THCudaCheck FAIL file=/tmp/luarocks_cutorch-scm-1-7838/cutorch/lib/THC/generic/THCStorage.c line=32 error=59 : device-side assert triggered in train.lua
suhmily opened this issue · 3 comments
I got the following error when running train.lua:
/tmp/luarocks_cunn-scm-1-9864/cunn/lib/THCUNN/ClassNLLCriterion.cu:25: void cunn_ClassNLLCriterion_updateOutput_kernel1(Dtype *, Dtype *, Dtype *, long *, Dtype *, int, int) [with Dtype = float]: block: [0,0,0], thread: [0,0,0] Assertion t >= 0 && t < n_classes
failed.
THCudaCheck FAIL file=/tmp/luarocks_cutorch-scm-1-7838/cutorch/lib/THC/generic/THCStorage.c line=32 error=59 : device-side assert triggered
/data/home/suzhou/torch/install/bin/luajit: cuda runtime error (59) : device-side assert triggered at /tmp/luarocks_cutorch-scm-1-7838/cutorch/lib/THC/generic/THCStorage.c:32
stack traceback:
[C]: at 0x7f3ad501a130
[C]: in function '__index'
...hou/torch/install/share/lua/5.1/nn/ClassNLLCriterion.lua:52: in function 'updateOutput'
...torch/install/share/lua/5.1/nn/CrossEntropyCriterion.lua:13: in function 'forward'
train.lua:208: in function 'eval_split'
train.lua:334: in main chunk
[C]: in function 'dofile'
...zhou/torch/install/lib/luarocks/rocks/trepl/scm-1/bin/th:150: in main chunk
[C]: at 0x00405d50
I got the same error...how can I solve this problem?

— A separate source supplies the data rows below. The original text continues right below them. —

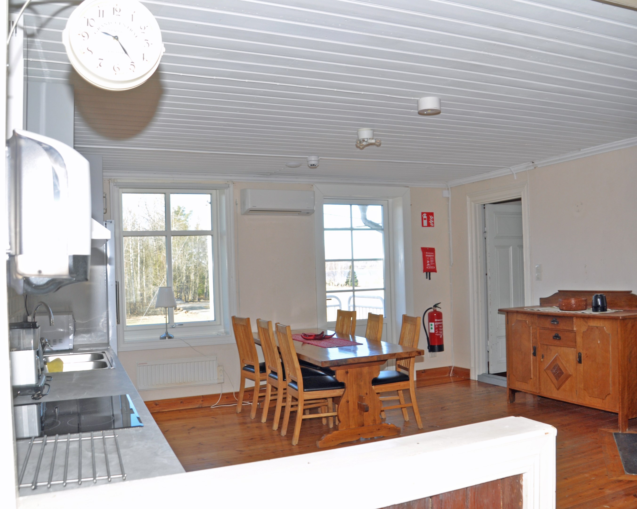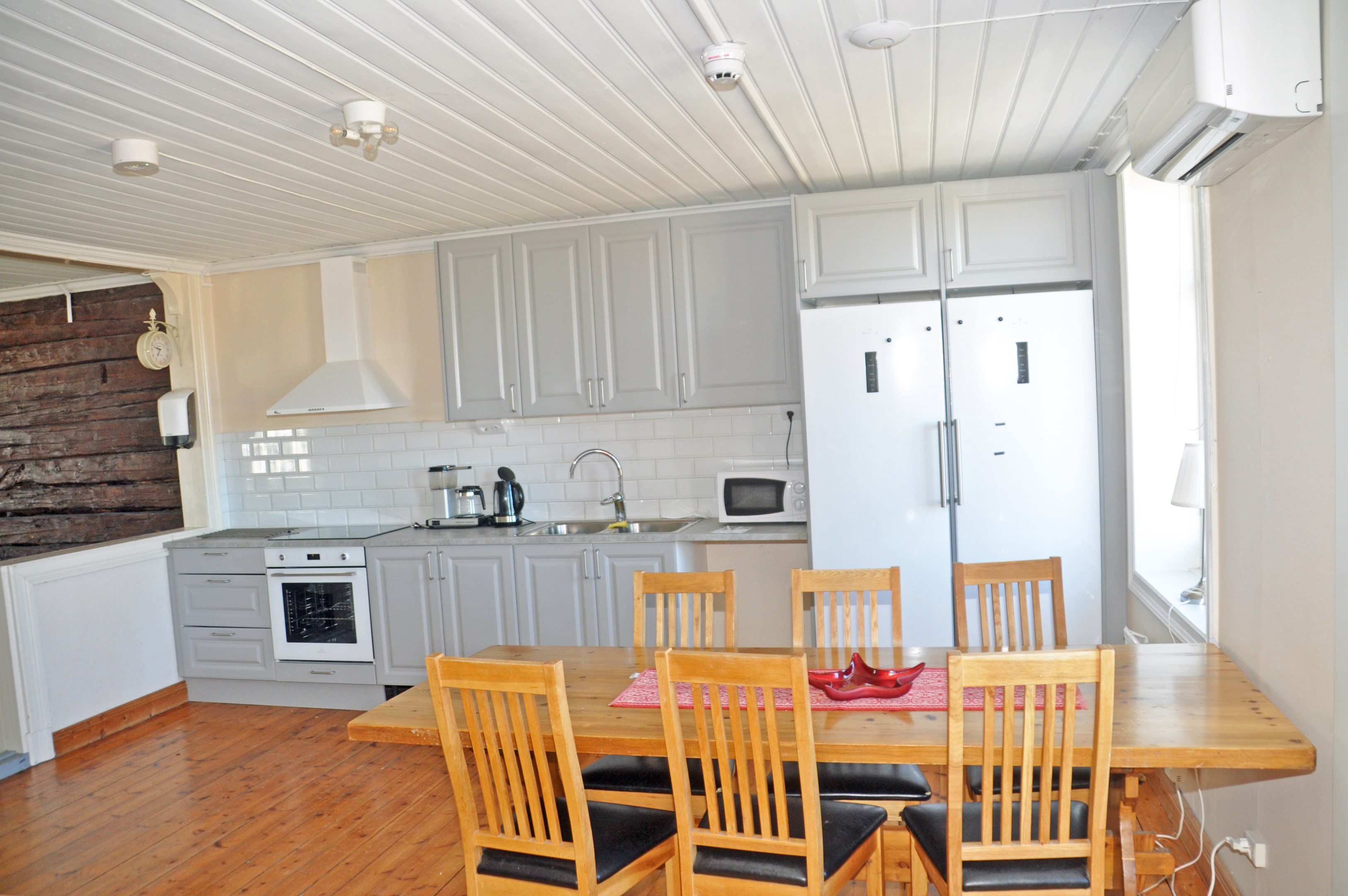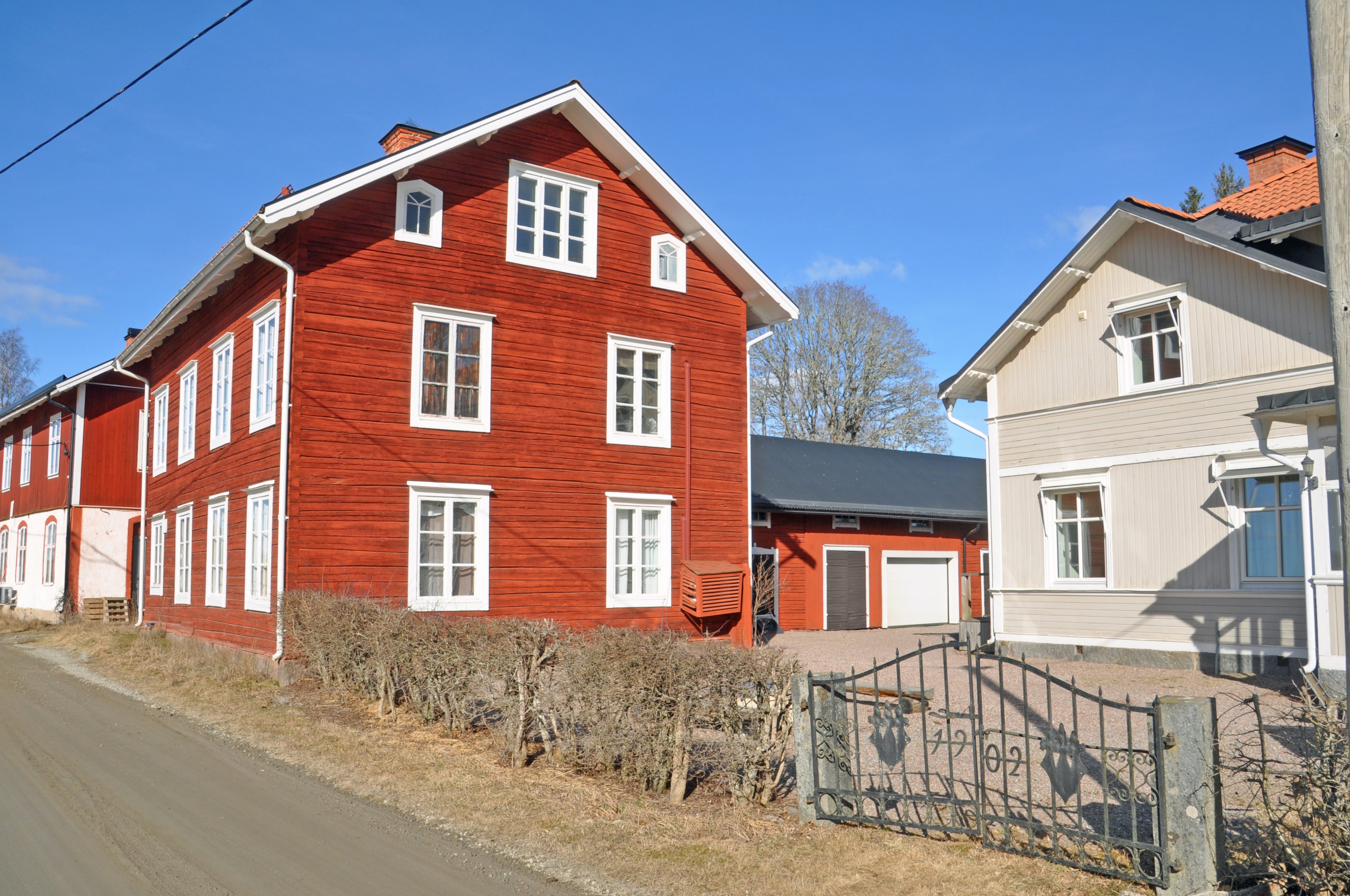 KÄLLARE 2 st källarrum. Fönster. Ingång utifrån. BOTTENVÅNING Entré hall. Rum. **** Kök med 4 pl elspis, spisfläkt och kyl/frys. Vardagsrum med braskamin (Contura) och luftvärmepump. Duschrum med WC, tvättställ och dusch. Sovrum med kakelugn. **** Hall med sep. ingång med trappa till övervåning. Stort hygienutrymme med WC, tvättställ dusch, tvättbänk, tvättmaskin och VVB. Rum. **** Lägenhet med 2 r o k och med 2 st egna entréer. Stort vardagsrum med braskamin (Contura) och luftvärmepump Hall. Kök med induktionshäll, spisfläkt, sep ugn, kyl/frys och diskmaskin. Sovrum med kakelugn. Duschrum med WC, tvättställ och dusch. ÖVERVÅNING Stor hall. **** Kök med hällspis, spisfläkt, kyl, frys. I köket finns kakelugn och utgång till brandtrappa. Rum med kakelugn. Sal med trägolv och kakelugn. **** Hall med trappa från bottenvåning. Kök med hällspis, spisfläkt, kyl, frys och diskmaskin. Vardagsrum med trägolv och kakelugn. Sovrum. Duschrum med WC, tvättställ och dusch. **** Hall. Kök med hällspis, spisfläkt, sep. ugn och kyl/frys. Duschrum med WC, tvättställ och dusch. Sovrum. Vardagsrum. OINREDD VIND I detta hus finns 5 st lägenheter, allmänna hallar och allmänt hygienutrymme. RÖTT TIMMERHUS, BRUTTOAREA CA 170 KVM BOTTENVÅNING Hall. Gammalt kök med vedspis och bakugn. Kammare med trägolv och kakelugn. Rum med braskamin (Contura), diskbänk med vatten. Sep. rum med ingång utifrån som Hassmyra vatten- och avloppsförening använder för vattenförsörjningen i byn (vatten utrustning, pumpar m.m). Kontroller och översyn skötts av utsedda personer i Hassmyra vatten- och avloppsförening. ÖVERVÅNING Gammalt kök med vedspis, luftvärmepump. Kammare med kakelugn. Sal med braskamin (Handöl). Toalett med WC och tvättställ. OINREDD VIND "Energideklaration på det röda timmerhuset: Deklarationen utförd 2025-04-04, energiprestanda primärenergital 114 kWh/kvm och år, energiförbrukning atemp 71 kWh/kvm och år, energiklass E."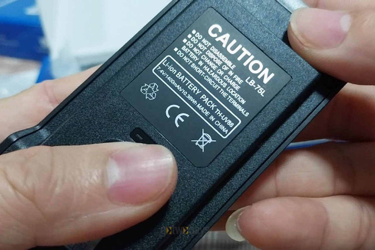 แบตเตอรี่ LB-75L ชนิด Li-ion TH-UV88 ความดัน 7.4 V. ความจุ 1400 mAh หรือ 10.36 wh ระบุสถานที่ผลิต Made in China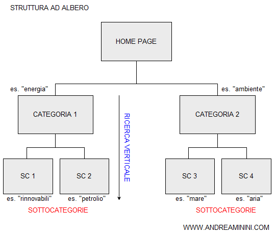 Le tassonomie verticali contengono tutti i contenuti pertinenti con le caratteristiche della categoria principale. In un albero logico le tassonomie verticali sono i rami disposti in profondità, ossia le sottocategorie.
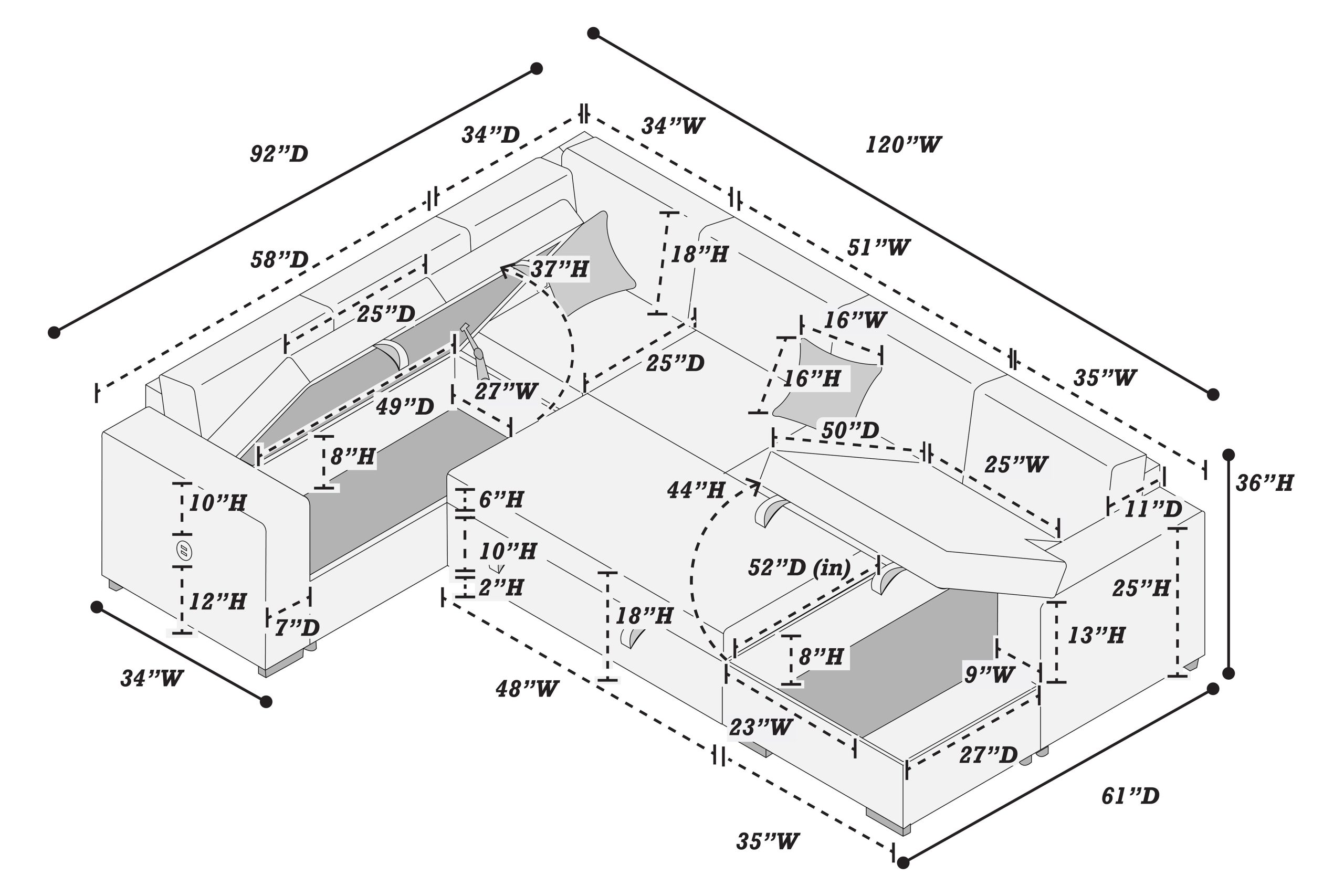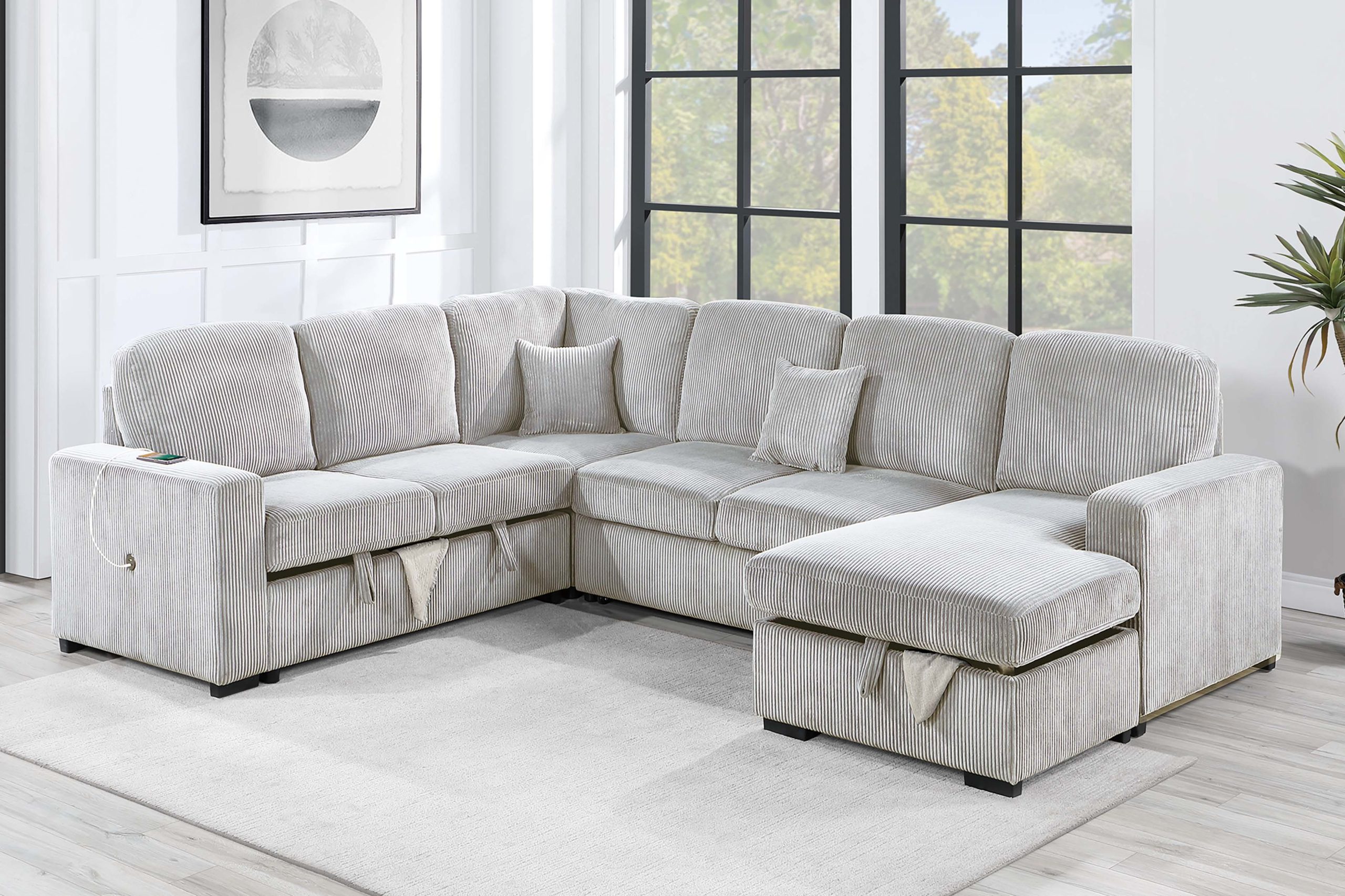 4 Piece Convertible Sectional Sleeper Sofa, Chaise Storage, Sofa Storage & USB Port
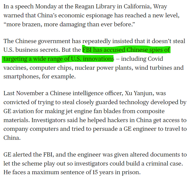 As FBI Director Christopher Wray said last year, the scale and level of Chinese espionage in the US "blew me away".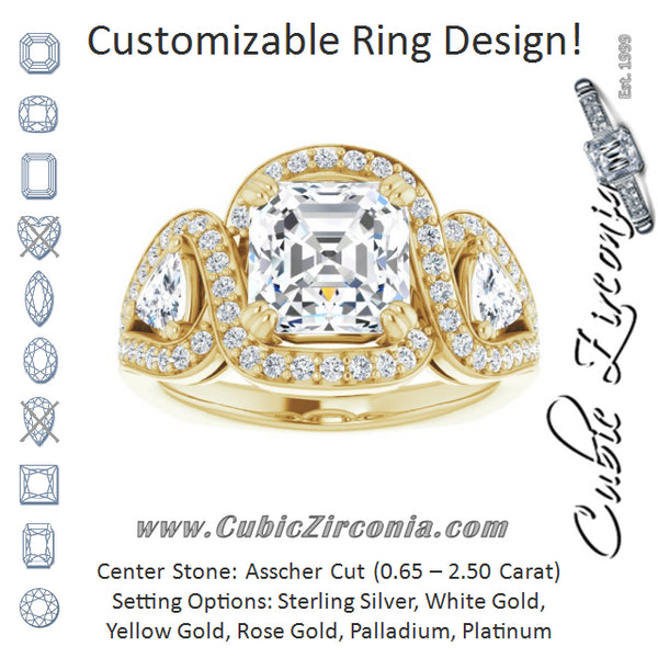 Cubic Zirconia Engagement Ring- The Ana Miranda (Customizable Asscher Cut Center with Twin Trillion Accents, Twisting Shared Prong Split Band, and Halo)

@superdarkness it caused by ClassNLLCriterion which only allow [1...class_n] as inputs. Preposed data selected 1000 answers for classification, and marked others -1. One way to solve this problem might be : 1. change -1 to 1001. 2.Set class numbers to 1001 instead of 1000. The other solution is : drop questions with answer -1 in the training set.
@suhmily thank you so much for your advice,this error has been solved successfully!